Health

Simplify your weight loss workout with cobra pose, an easy asana that can also blast belly fat

You should definitely trust yoga for weight loss, especially if you are a beginner. And cobra pose happens to be the easiest of the lot, with a special power to reduce belly fat.

The ancient practice of yoga has many benefits for our health. But keeping everything else aside, yoga has also been proven to aid weight loss. One asana that is the epitome of practicing yoga for weight loss is the cobra pose. 
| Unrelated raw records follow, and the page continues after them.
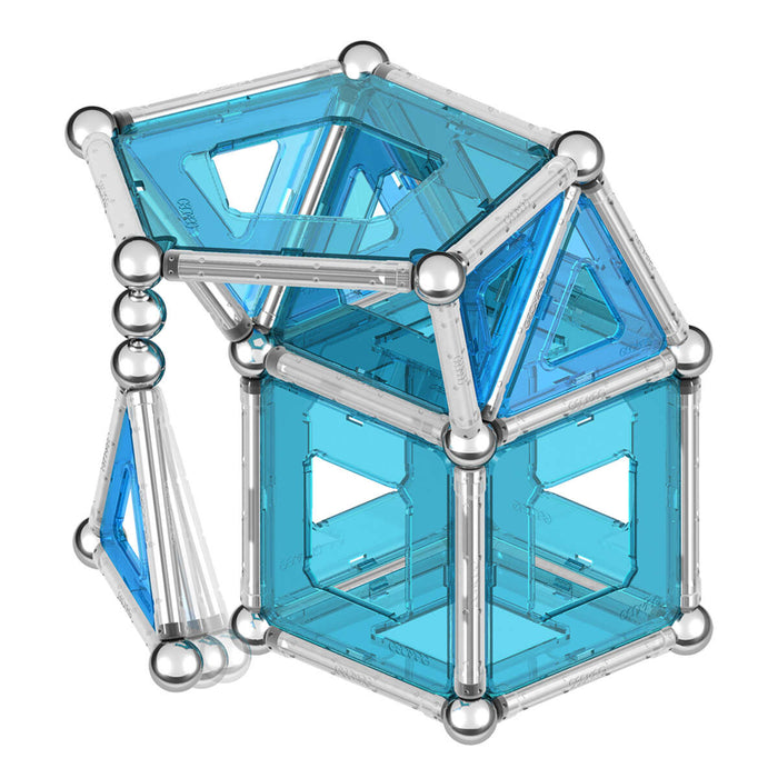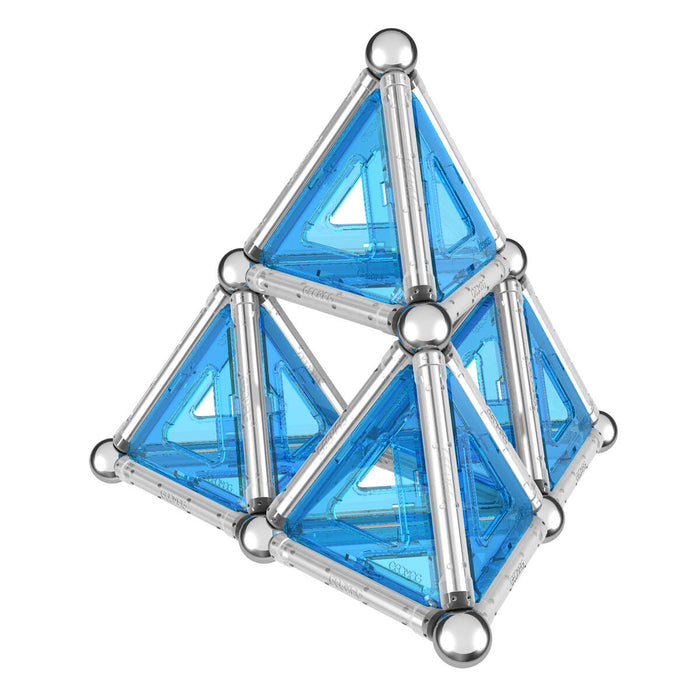 Swiss made Geomag PRO-L is the evolution of the classic magnetic construction system and uses the power of powerful magnets to allow you to build even more spectacular structures. The polarity indicator, which is shown on the rods, helps you to understand the full potential of magnetism. The silver rods and transparent panels give Pro-L a high-tech futuristic look! This STEM product is designed to encourage fine motor skills, learning by playing and creativity and imagination. Geomag is the original magnetic construction toy.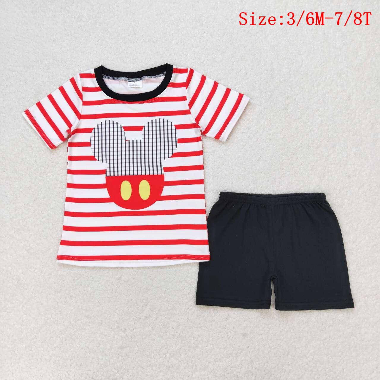 BSSO0801 Cartoon Mouse Top Black Shorts Boys Summer Clothes Set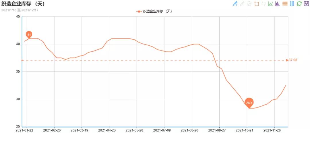 另一方面,近期由于浙江疫情及年底需求較差,市場傳言今年紡織廠的放假時間可能會出現(xiàn)提前的情況。目前織造廠家的庫存正處于上升階段,據(jù)綢都網(wǎng)數(shù)據(jù)監(jiān)測顯示,目前織造廠家的庫存在32.5天左右,較11月上升4天。另外江浙多地紡織廠及貿(mào)易商反饋,近一周多來常規(guī)坯布詢價和出貨仍沒有多大起色,成交價明顯回落,部分廠家調(diào)整幅度超過20%。同時原料價格也以小幅陰跌為主。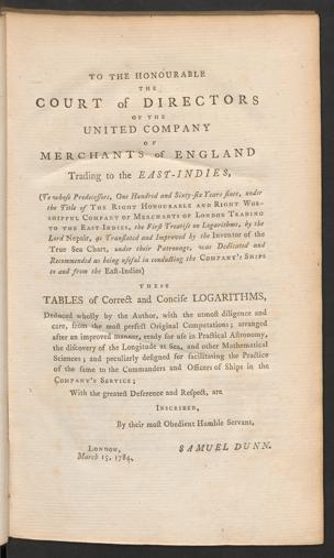Tables of correct and concise logarithms; for numbers, sines, tangents, secants, complements-arithmetical supplements, &c. ... / by Samuel Dunn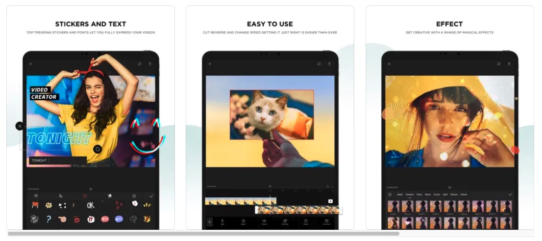 แอปตัดต่อวิดีโอที่นิยมใช้ตัดต่อวิดีโอลงโซเชียลมีเดีย เช่น TikTok, Reel, Shorts, YouTube เป็นต้น ใช้งานง่าย เหมาะสำหรับผู้เริ่มต้นอย่างนักเรียน นักศึกษา สามารถใช้แอปตัดต่อวิดีโอนำเสนอผลงานต่าง ๆ ได้

This pose is easy and quick to do!

If you’re someone who doesn’t like working out in gyms and yet want to lose weight and stay physically fit then you’ve got to try the cobra pose, which happens to be very easy to do. The best part? You don’t need to be very strong or flexible to pull this pose off. 

In fact, cobra pose is considered to be a great workout that targets the abdominal region and helps blast belly fat. This not only helps you lose weight, but can also help in various other ways too.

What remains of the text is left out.